2. The CRLF-split-across-chunks trap
This is the classic one, and it’s the bug a from-scratch parser almost always ships with. SSE accepts \r\n as a single line terminator. But if a chunk ends with \r and the next chunk begins with \n, a naive parser sees the \r as one terminator and the \n as another — which in SSE means a spurious blank line, which means it dispatches an event early, splitting one event into two. sansio-sse remembers a trailing \r and absorbs a leading \n on the next chunk so a CRLF straddling the boundary counts as exactly one terminator:
# "\r" ends chunk one, "\n" begins chunk two: ONE terminator, not two.
parser = SSEParser()
events = parser.feed("data: a\r")
events += parser.feed("\ndata: b\n\n")
assert len(events) == 1
assert events[0].data == "a\nb" # NOT a premature dispatch of "a"
3. A multibyte character split across byte chunks
When you feed bytes, the parser decodes them as UTF-8 incrementally, using codecs.getincrementaldecoder.
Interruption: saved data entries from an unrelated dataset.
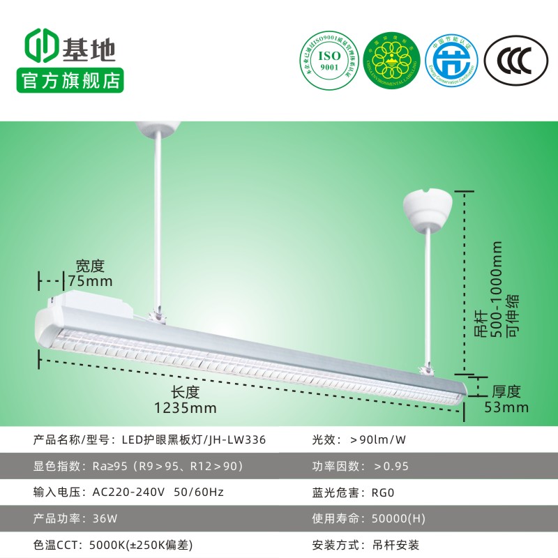產品詳細介紹1、無頻閃、無眩光、無藍光危害(豁免級),綠色健康,不會對眼睛帶來影響; 2、采用透鏡+格柵的防眩光設計(真空電鋁),背部具有安裝滑槽,可支持水平移動,且角度可調節范圍±15°,使黑板達到最佳照度與均勻度可使黑板達到很好的亮度和均勻度;老師抬頭轉身不刺眼; 3、黑板燈為一體式燈具,出 光均勻,燈體背面采用鋁合金材 質,兩邊用塑料件完全包住,光滑平整 4、驅動電源采用外置方案,安裝簡易,易維護; 5、密封式設計,防塵防蚊蟲。 |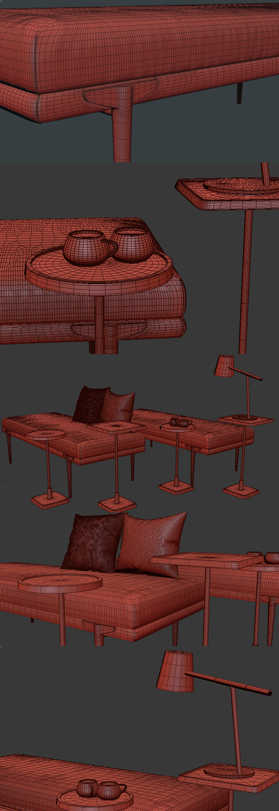 现代长凳台灯边几组合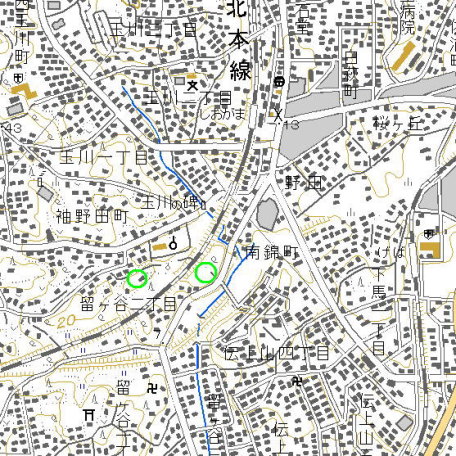 <沿革> 留守氏重臣逸見遠江守の居館といわれるが、詳細は不明である。 東北本線の線路を挟んだ西側の丘には、野田館があったとされる。 両館は土塁線で結ばれていたと考えられるが、野田館の方は城主も 含めて詳細は不明である。 <手記> 上の地図の右側が矢作ヶ館跡、左側が野田館跡です。前者の方は 現在畑地となっています。土塁状遺構が見受けられるということですが、 民家の裏山なので立ち入りはしませんでした。 また、野田館跡は現在宅地化されていて遺構はありません。北麓の 「野田館公園」と名づけられた小さな公園が唯一のよすがです。 |

If a chunk ends in the middle of a multibyte code point — the first byte of a two-byte é, or part of a four-byte 🚀 — the decoder holds the partial unit until the rest arrives, instead of raising or emitting a replacement character. This is precisely the failure mode that corrupts an LLM’s emoji or non-Latin output, and it’s invisible until it isn’t:
# "café" — the 'é' is two bytes (0xC3 0xA9); split between them.
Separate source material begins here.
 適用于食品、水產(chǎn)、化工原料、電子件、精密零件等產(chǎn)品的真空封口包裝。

raw = "data: café\n\n".encode("utf-8")
idx = raw.index(b"\xc3\xa9")
parser = SSEParser()
events = parser.feed(raw[:idx + 1]) # includes only 0xC3
events += parser.feed(raw[idx + 1:]) # starts with 0xA9
assert events[0].data == "café" # reassembled, not mangled
These aren’t hypotheticals chosen to look clever; each one corresponds directly to a test in the suite, because each one is a bug we’d rather catch in CI than in a customer’s log. The library ships with 45 tests covering the spec rules, every line-ending combination, the BOM (including a BOM split across two byte chunks), and the chunk-boundary cases above, all passing on Python 3.9 through 3.12.
Why we built it this way
sansio-sse is brand new — v0.1.0, pure stdlib, MIT-licensed. We’re not going to wave a download counter at you; it doesn’t have one worth mentioning yet. What it has is the thing that actually matters in a parser: the boundary cases are right, and there are tests that keep them right.
That choice — separate the protocol from the transport — is the same instinct we bring to client work. The expensive bugs are almost never in the headline feature; they’re in the “obviously simple” glue everyone assumed was correct. An SSE parser that dispatches one event as two on a CRLF boundary, or drops an emoji on a byte split, is a defect that survives review and surfaces weeks later as “streaming sometimes garbles output.” Writing the state machine once, in isolation, with a test for every edge, is what keeps that bug from ever being yours to debug under load.
Install it
pip install sansio-sse
No runtime dependencies. The source is on GitHub under the MIT license — the full spec-rule table, the API, and the test suite are all there. If you’ve been hand-rolling SSE parsing inside a client adapter, this is the small dependency that lets you stop.